The state Port Authority, formed after the funding for the project was originally approved by the Connecticut Department of Transportation, has remained committed to the project. Joseph Salvatore, dredging program manager for the Port Authority, has been working with the Waterfront Commission on every aspect of what is actually two projects combined in one. The clean sand that has silted in several areas of the lower Housatonic will be dredged, then transported to Hammonasset, where it will be used for beach nourishment.

Miley Bull of the Connecticut Audubon Society, William Rock, chairman of the Housatonic River Dredging Commission and Joe Salvatore, dredging program manager for the state Port Authority, talk about the Housatonic dredging project. — Contributed photo.

Miley Bull of the Connecticut Audubon Society, William Rock, chairman of the Housatonic River Dredging Commission and Joe Salvatore, dredging program manager for the state Port Authority, talk about the Housatonic dredging project. — Contributed photo.

The Army Corps of Engineers put the job out to bid at the beginning of the year, and recently the Cashman Dredging and Marine Contracting Co. of Quincy, Mass., was awarded the contract. Cashman bid $9.3 million to dredge nearly 300,000 cubic yards of sand from the river and deposit it on the beach. This will bring the depth of the river to 18 feet with a width of 200 feet from just beyond the breakwater to Goose Island. Dredging is scheduled to begin in late October and be finished before March 1, 2018. The dredge window was identified to eliminate impact on both wildlife and human use of both geographical areas.

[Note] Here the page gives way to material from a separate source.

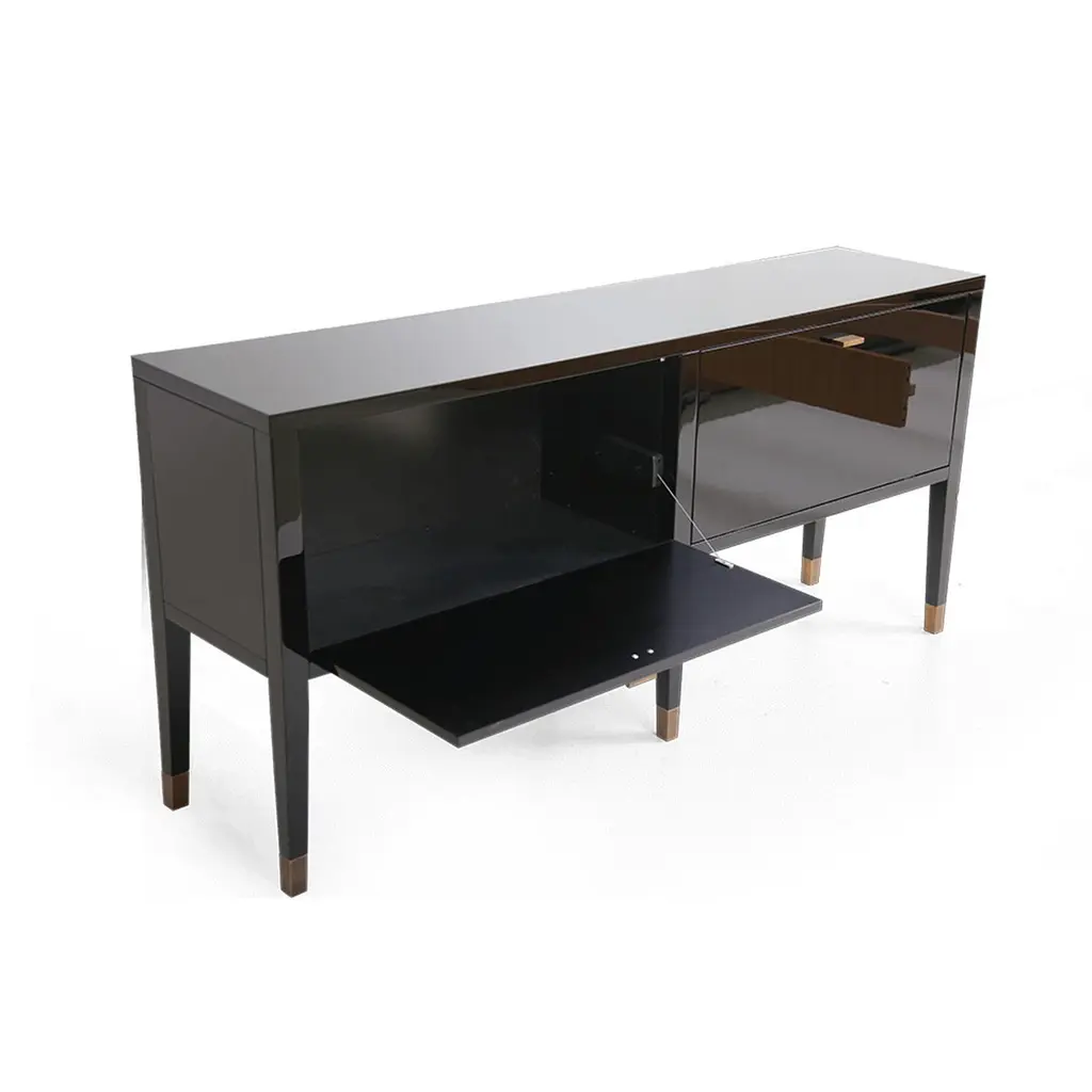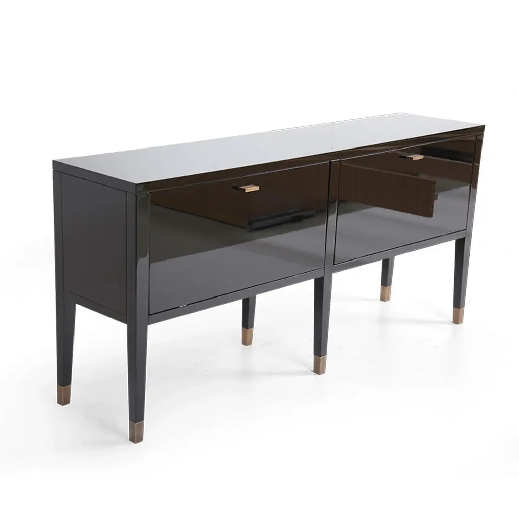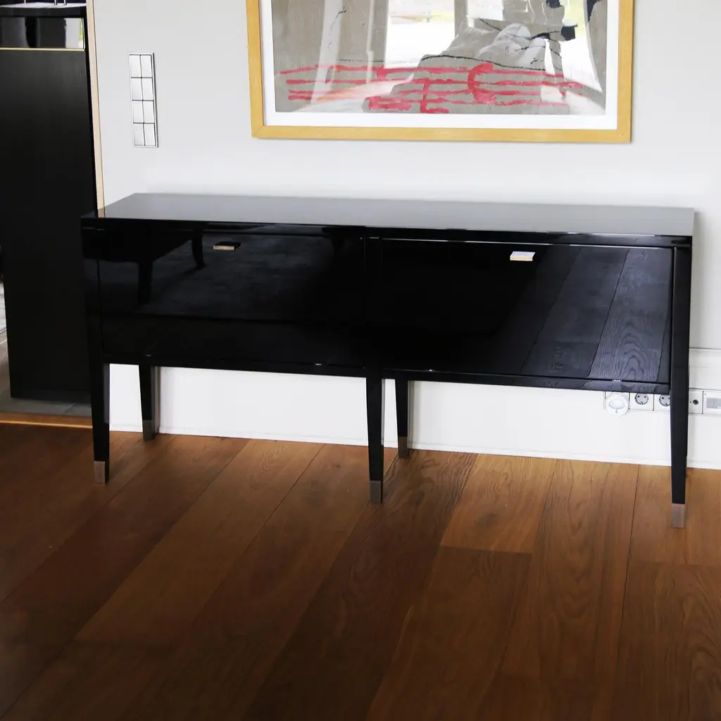 Elegant and fabulous, the sideboard is a stylish addition to the room. The black piano finish cabinet has a deeply luxurious appearance. With storage compartments behind two doors, this furniture piece is elegantly decorated with burnished solid brass handles and legs. Combining luxury design with brilliant craftsmanship, this is a timeless furniture creation.Kanttari’s bespoke service allows you to opt for your preferred finish. Our helpful team would be delighted to discuss possibilities.Material: MDF, ingeneering wood, solid brassFinish: high glossMade to orderCUSTOMIZATION AVAILABLE - Different colors, materials, finishes and customized sizes available upon request. If you’re interested in a customization that is not currently listed, please contact Kanttari.BESPOKE – We do create individual and fully customized designs. Please contact Kanttari to discuss your specifications.MANUFACTURING – we fully hand-craft each piece in our workshop by our best craftsmen. Production lead time may take up to 9 - 12 weeks, bespoke items may be longer – depending on the exact specification and availability of materials chosen. For more information please contact Kanttari.SHIPPINGCarefully packaged in wooden crate.Fully insured.Request a customized shipping quote.

An agreement had originally been reached with the state of Connecticut Department of Energy and Environmental Protection to monitor the piping plover population on the beach. Because of state budget cuts and reorganization of DEEP, they no longer had the personnel to carry this out. “To remedy this problem, we contacted longtime associate Miley Bull [of the Connecticut Audubon Society], and he agreed to handle the task of monitoring these birds,” Rock said.

“This project is ‘phase two’ of our dredging efforts. We completed phase one in 2012, which removed 63,000 cubic yards of sand and deposited it off of Long Beach. That project cost approximately $1 million. When totaled, phase two’s cost will be close to $10 million, making it the largest-ever state-funded dredging project. Together, a total of $11 million worth of services was obtained for the town of Stratford through the efforts of the volunteer Stratford Waterfront and Harbor Management Commission,” said Rock, who served 10 terms as the commission’s chairman and currently serves on the board of directors for the Connecticut Harbor Management Association.